The general consensus about big data has been that it’s too expensive to move. But what if you could use remote backup copies in the cloud for analytics, app dev, and other applications?
At first glance, big data analytics seems to be the perfect sort of workload for the public cloud.
Particularly for batch jobs, the hyper scalable infrastructure of the cloud is ideal — pay for the powerful server clusters you need while crunching data and stop paying when you’re done. No wonder that after EC2 and S3, one of the first major services AWS added was its Hadoop-based Elastic MapReduce service, followed by Redshift data warehousing a couple of years later.
But there’s a problem: Big data doesn’t like to be moved. The bandwidth to do so costs money, and as analytics veer ever closer to real time, the barrier to keeping cloud data and on-premises data in sync grows higher.
Here’s where the idea of copy data management and virtualization comes in. More companies are looking to the public cloud for backup and DR. So instead of data just sitting in the cloud waiting for disaster so it can restored on premises, why not use virtual copies of that data for big data analytics or dev and test in the cloud?
For the most part, cloud backup and DR has primarily been a small business proposition — while large enterprises that want to maintain high availability have created dedicated backup datacenter sites where data is replicated frequently at high cost. In neither case has the data been used for anything except restoration in the event of calamity.

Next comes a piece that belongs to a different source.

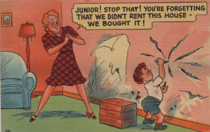 You will notice at once that cartoonists’ renderings outnumber the actual photographs this time around. This is because a nasty prank just doesn’t seem as realistic when staged as adorableness does, and few children posed for photographs of themselves doing things which would get them scolded, spanked, or left with no dessert at dinner. (This was, you understand, in the days before Social Media.)
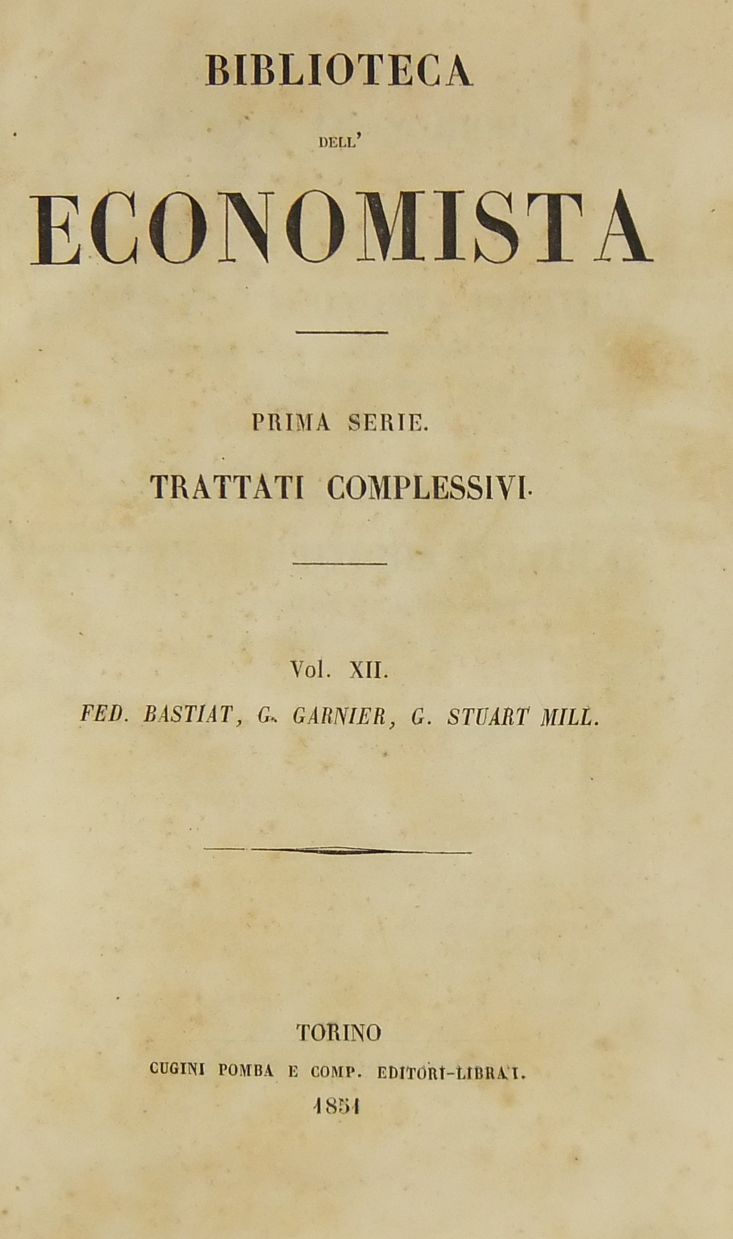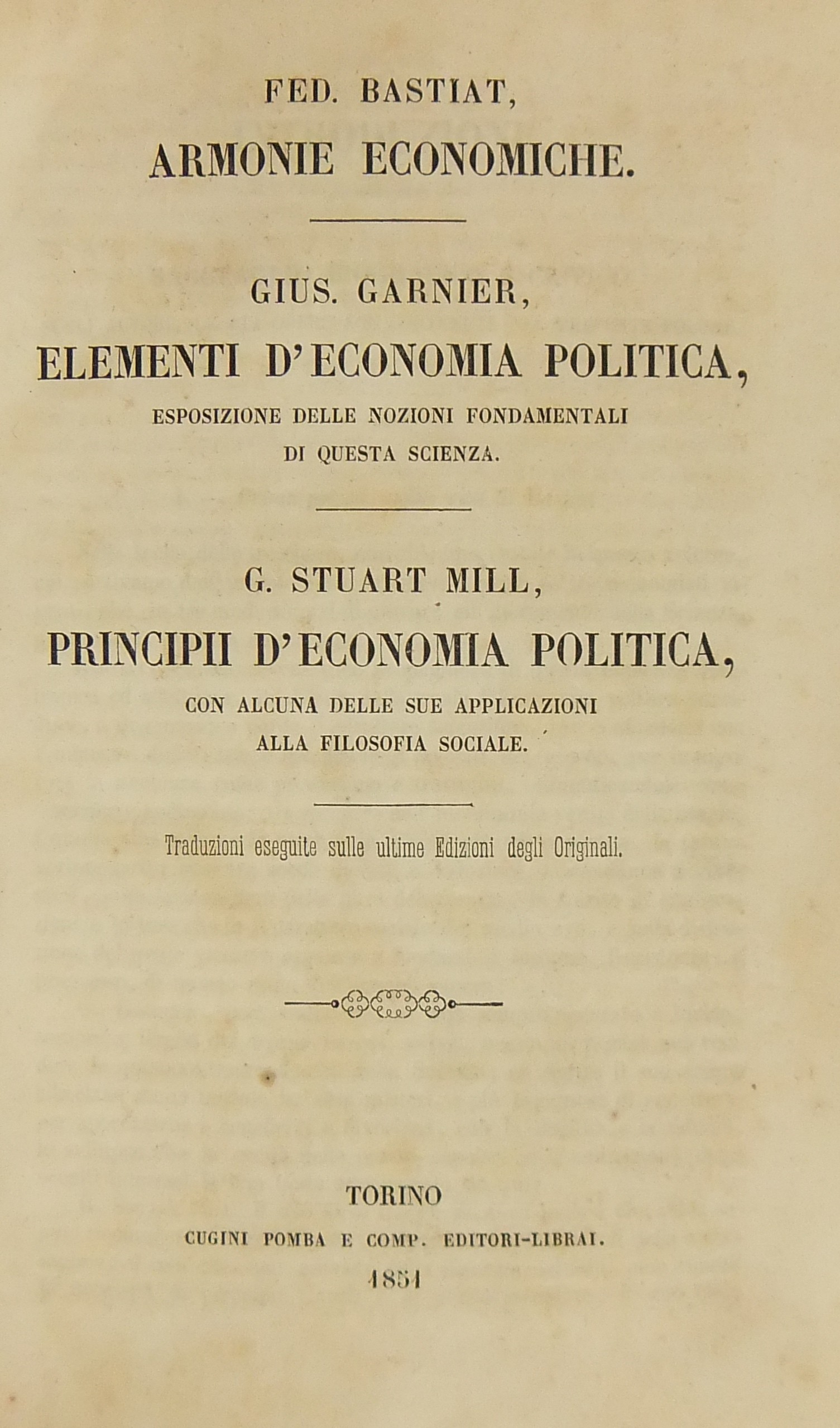 Armonie economiche (Bastiat). Elementi di economia politica esposizione delle nozioni fondamentali di questa scienza (Garnier). Principii d'economia politica con alcuna delle sue applicazioni alla filosofia sociale (Stuart Mill). Introduzione di Francesco Ferrara

Although still relatively small, Actifio is the best known company pitching the idea of using a single, continuously updated copy of enterprise data and creating virtual copies for DR, backup, and analytics — as well as for development and test in a cloud environment. Founded in 2009, Actifio secured a $100 million round of funding in March 2014, led by Tiger Global Management. Actifio has partnered with IBM, SunGuard, and others to provide a platform where a single “golden copy” of the data can be virtualized and leveraged in multiple ways.
Virtual data management addresses a key enterprise pain point. Not only is the volume of enterprise data growing at a ridiculously rapid pace, but data warehousing, Hadoop analytics, and accelerated application development are together demanding copies of that data and putting an ever greater burden on storage infrastructure. If you can have a single copy created for backup/DR purposes, and create virtual rather than physical copies for analysis and development and test, you can reduce the spend on storage infrastructure — whether it resides on premises or in the cloud.
It seems like only a matter of time to me before AWS, Google, and Microsoft get into the cloud data virtualization management game as well. Yes, particularly with data subject to regulation, there will be governance issues to worry about. But copy data management in the cloud has tremendous potential, because big data analytics lends itself to public cloud infrastructure and because dev and test is already one of the top uses of the public cloud.
At the same time, although it’s the early days, streaming analytics and continuous capture of data from the Internet of things are beginning to take shape. And the general consensus is that the cloud provides the best platform for such a widely distributed architecture.
An interesting aspect of all this is that if you’ve already copied your data into the cloud, at what point do you no longer feel the need to keep primary storage on premises? To that degree, copy data management is yet another milestone on the enterprise’s long road to the public cloud.